And lastly, we create what could be a lower quality work product. Because actually our brains need time to rest. They need time when they're not doing focused work and not sleeping to connect the dots form ideas. It's often why you get your best ideas in the shower on a walk is because your brain has the spaciousness to operate in a different way. And so, if we're constantly doing stuff at the last minute, in a big chunk of focus time, you are robbing your work of that spaciousness, of that time when your brain can kind of think about the work in a different way, right?
As opposed to saying, I'm gonna do the work ahead of time in three separate blocks, over three days, and then in between each one of those blocks, your brain has the time to rest and recharge. And so, then you are approaching the work with that additional brain function supporting you. Okay? There's only so much you're able to do when it's all at the last minute. Your brain needs that deliberate downtime.
So, if you're a mega procrastinator, you can probably relate to some of the results that I just talked through. And actually, the reason that we procrastinate is because we are avoiding feeling uncomfortable feelings. Think about it, whatever the task is that you are pushing back and pushing back, there is some sort of uncomfortable feeling attached to it.
It could be self-doubt or confusion that comes with creating something new. It could be nervousness or insecurity that comes with, again, doing something new that you haven't done before. Or it could be boredom. Because you don't like the task or sadness because it evokes memories that you don't want to deal with.

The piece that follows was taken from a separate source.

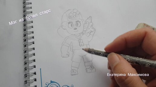 Мэг персонаж из игры бравл старс, рисунок карандашом.

I used to often avoid looking at my finances because I felt nervous and overwhelmed that I wasn't in control of them, right? That I should be spending my money differently, or that I should have set up some saving structures that I didn't have set up yet. And so, I'd constantly avoid dealing with my finances because I didn't want to face the feelings of insecurity and self-doubt and shame that I was associating with them, or whenever I'm creating something new for my business, I never know the idea ahead of time, right? I have maybe a kernel of an idea and I have to think it through to create the email or to write the podcast, and so it requires me to feel confused. In order to create the content, right, I have to go through not knowing the answer in order to figure out the answer and what I wanna say in order to figure out exactly how I wanna articulate everything.
And that experience is not a joy, It's not comfortable. So, these are the types of tasks that I typically experience, urges to procrastinate around. No one really wants to feel their insecurities, and so if there are things that you are procrastinating on, get curious and ask yourself, what emotions do those activities bring up? Because the tendency will be, instead of, because those activities bring up uncomfortable emotions, let me just push it off.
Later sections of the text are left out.